I don’t think I’ve done these in previous years, but they seem to be a thing this year and according to todoist I’m due a blog post (overdue by 3 days actually), so here we go.

So… 2015. That was a weird year, huh?

This year I have:

  1. Moved country (again)
  2. Upgraded my internet celebrity status from D-list to C minus-list if you’re in specific niches
  3. Earned precisely £0 (note: This is a slight technicality).

What happened?

Well, if you may recall, in 2014 I moved to Zurich to work for Google. Despite what people thought from the timing of the post, this was not an April fools joke but an actual thing.
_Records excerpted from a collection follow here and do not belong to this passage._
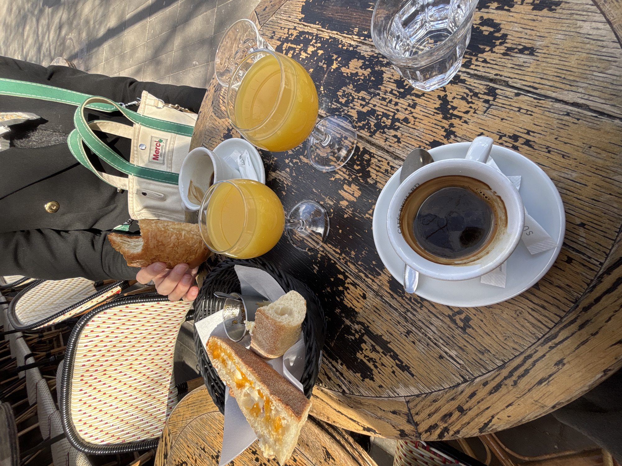 A high-angle shot captures an outdoor café setting, likely in Paris, France, based on the typical French café aesthetics. The table is round and wooden, with a weathered, distressed finish. On the table are: - Two glasses filled with orange juice, with empty glasses beside them. - A white coffee cup on a saucer, complete with a spoon and sugar packets. - A glass of water. - A small, black basket containing slices of baguette, one of which appears to be topped with jam. To the left, a portion of a person is visible, including part of their arm and black jacket adorned with a gold button. Beside them sits a white tote bag with green handles, labeled "Merci." The café seating features wicker chairs. The lighting is bright, suggesting a sunny day.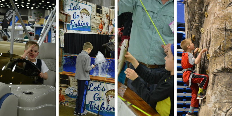 My boys and I had a great time the last few years! There are always lots of great things for kids to do at the show – past events have included free pony rides, fishing, inflatables, and more! There are fun fishing demonstrations by the pros, lots of cool things to pretend to ride, and loads of RVs to step inside! Each year there are new things to see and do. Check out a few of our pics from over the years!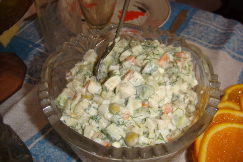 Все нарезать маленькими кубиками как в обычное оливье, добавить горошек, заправить сметаной и зеленью. Посолить по вкусу.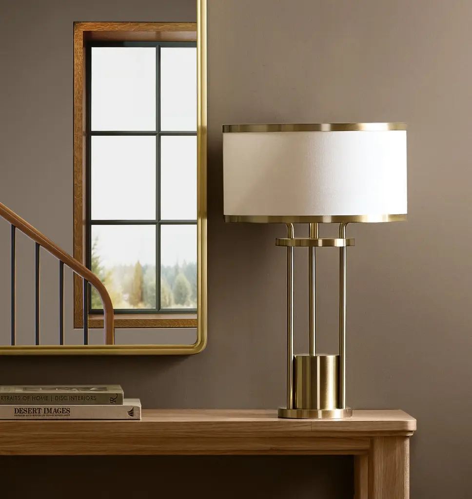 Fresh and contemporary, Ortega features a tri-stem base that curves into a metal trim shade—adding modern style and warm illumination to any room.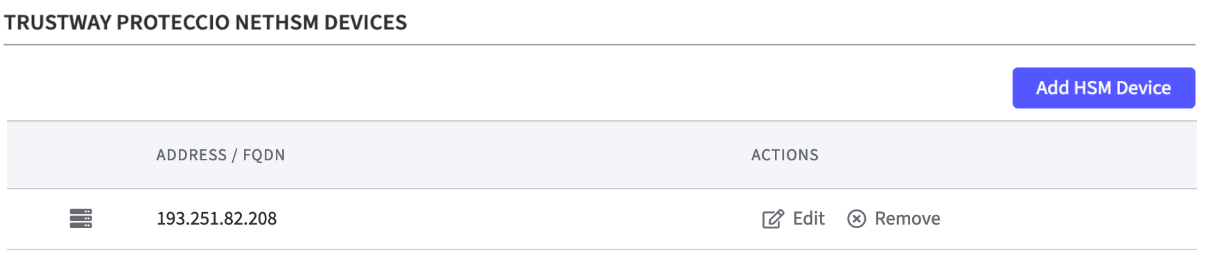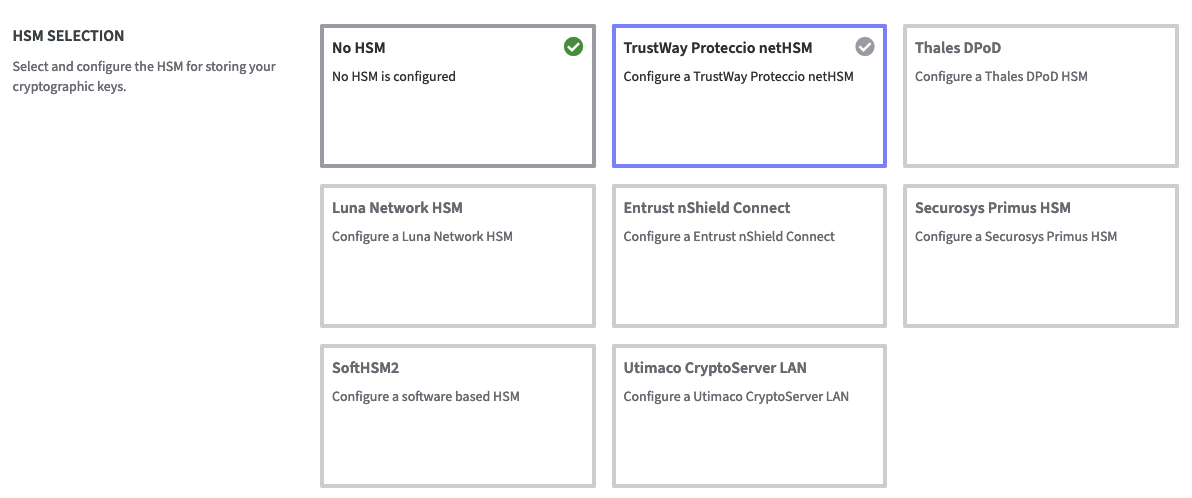 To configure a TrustWay Proteccio netHSM for your Software Appliance, follow the steps below.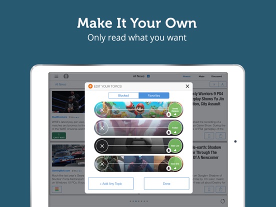 - Your very own news feed - choose the topics you want to follow, the topics you want blocked, and the Xbox topics you want to get notifications about! Don't bother yourself with news that don't interest you!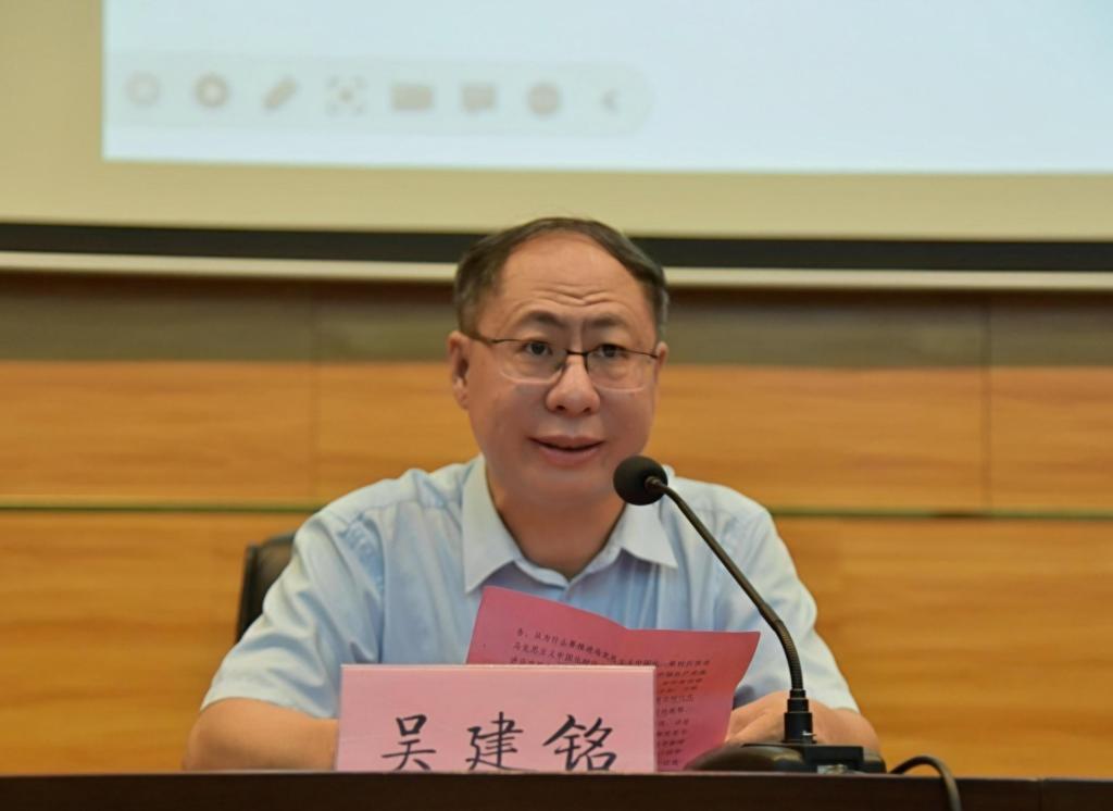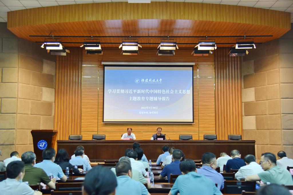 5月30日下午,学校学习贯彻习近平新时代中国特色社会主义思想主题教育读书班第四场专题辅导报告会在博厚楼会议室举行。党委委员、副校长吴建铭主持报告会,中共福建省委党校哲学部教授、主任,福建师范大学兼职硕士生导师何建津作《开辟马克思主义中国化时代化新境界》辅导报告。全体校领导、处级干部、各基层党组织书记、主题教育领导小组办公室全体成员参加。

It didn’t really work out and I lasted about 6 months. For a variety of reasons, Google was not a good environment for me, and between that and it hampering my ability to work on my own stuff in my spare time, I got a lovely inside view of what happens when the sub-clinical depression I’ve been mostly coping with all my life removes the ‘sub-‘ from its name (OK, I didn’t actually get diagnosed, because I figured out how to self-medicate through a judicious application of quitting my job instead).

So, starting the new year unemployed was pretty great, even if I was still in one of the most expensive cities in the world.

I’d intended to work on a variety of projects, and actually spent the initial part of the year brushing up on combinatorial optimisation and learning about integer programming. But I had this weird little project called Hypothesis that I’d written back in 2013 to learn Python, and for some weird reason people had started using it, so I thought I might fix a few bugs, maybe work on some features, etc.

So, um, yeah.

For me 2015 has basically been the year of Hypothesis. This was very much not intended from the outset. I originally intended to put in a couple months work on it. I even made a concerted decision to give it up. Now I’m building a business around it.

It’s been an interesting experience for a number of reasons. It involves research to solve practical problems, randomized algorithms, combinatorial optimization, API design, coming up with good abstractions, and software quality. All it needs is voting to become my ideal project.

…voting and financial viability that is. Which is why I’m trying to build a business around it.

The business side of things is going OK. I’ve had some work this year (which I have not yet paid myself for from the business’s bank account, which is why £0 earned in 2015), and a bunch more scheduled for the new year. If I can keep up my average income over the next three months for the rest of 2016, I’ve got something pretty sustainable. I don’t yet know if I can, but I’m a lot more hopeful about the possibility than I was 3 or 4 months ago.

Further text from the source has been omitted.